The Wonderful World of Henry Sugar
A Wes-Anderson short-ish Ronald Dahl story, with everyone in it. Or rather every male actor, as women are only occasional and background. Which adds to the usual Anderson stylised groove. A wealthy man learns of a secret skill, which he eventually acquires: he can see without using his eyes. All of this works out, and he dies very rich, establishing many altruistic foundations which make the world a better place.
Rosalie
Another story-as-fable, based on a true story of a (probably early / mid 19c) French woman who from birth grew facial and body hair like a man. When her husband, who’s been deceived by Rosalie and her father) finds this out, his anger is tempered by his wife’s decision to grow her hair as a ‘freak’ to drum up business for his failing café. This works, and all the locals are accepting and perfectly happy with this bearded woman running the bar. It could have ended here, but we’re only half way through… The local squire, struggling with his confused feelings of desire for Rosalie, engineers a change of attitude, and the locals now start spurning her.

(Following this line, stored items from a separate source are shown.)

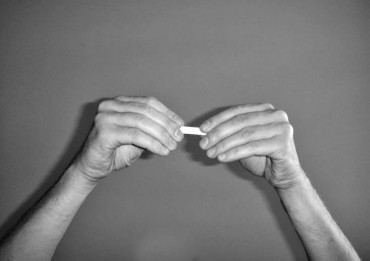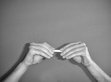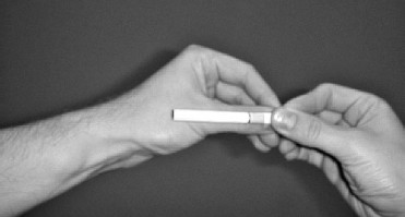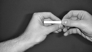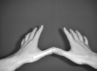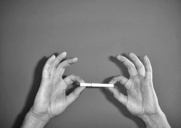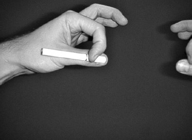 Все очень просто. Мы смотрим с твоей стороны. Ты засовываешь сигарету не внутрь, а снаружи пальца. Потом прижимаешь ее пальцем и показываешь. Потом, чтобы разомкнуть пальцы, ты опять закрываешь руки и прижимаешь сигарету другим пальцем.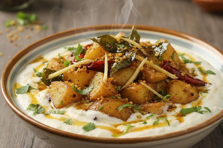 Aloo Dahi Tadka Recipe: आलू दही तड़का एक पारंपरिक और स्वादिष्ट उत्तर भारतीय व्यंजन है, जिसे घर पर आसानी से बनाया जा सकता है. यह हल्का होने के साथ-साथ पौष्टिक भी है. दही की खटास और आलू की नरमी इसे हर उम्र के लोगों के लिए पसंदीदा बनाती है. इसे आप किसी भी समय, चाहे लंच हो या डिनर, रोटी या पराठे के साथ सर्व कर सकते हैं. यह रेसिपी जल्दी बनती है और खाने में भी बहुत स्वादिष्ट लगती है.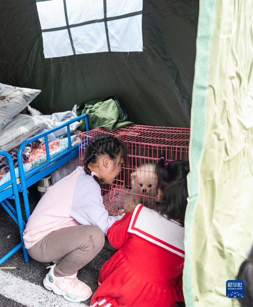9月6日,在四川甘孜州瀘定縣磨西鎮海螺溝廣場受災群眾(zhong) 臨(lin) 時安置點,兒(er) 童與(yu) 從(cong) 家中帶過來的小狗玩耍。新華社記者 才揚 攝

Immediately afterwards I was disappointed by how the film ended (with Rosalie leaping off a bridge into a river, and her husband – who we learnt earlier can’t swim – following her. We might think he’s attempting a rescue, but no, they sink together. I felt it was a cliché.
On reflection, however, I now see the film – a personal interpretation perhaps – as an allegory of the ways in which the EDI agenda was by many initially welcomed, but is perhaps beginning now, in some quarters, to feel a backlash.
How they are related
Both Henry and Rosalie seek to improve the world, Henry through an egotistic quest for personal power (which he then uses altruistically), Rosalie through the reverse: a sacrificial and potentially humiliating/disastrous parading of her unusual physiology. Henry succeeds; Rosalie doesn’t – at least in her lifetime.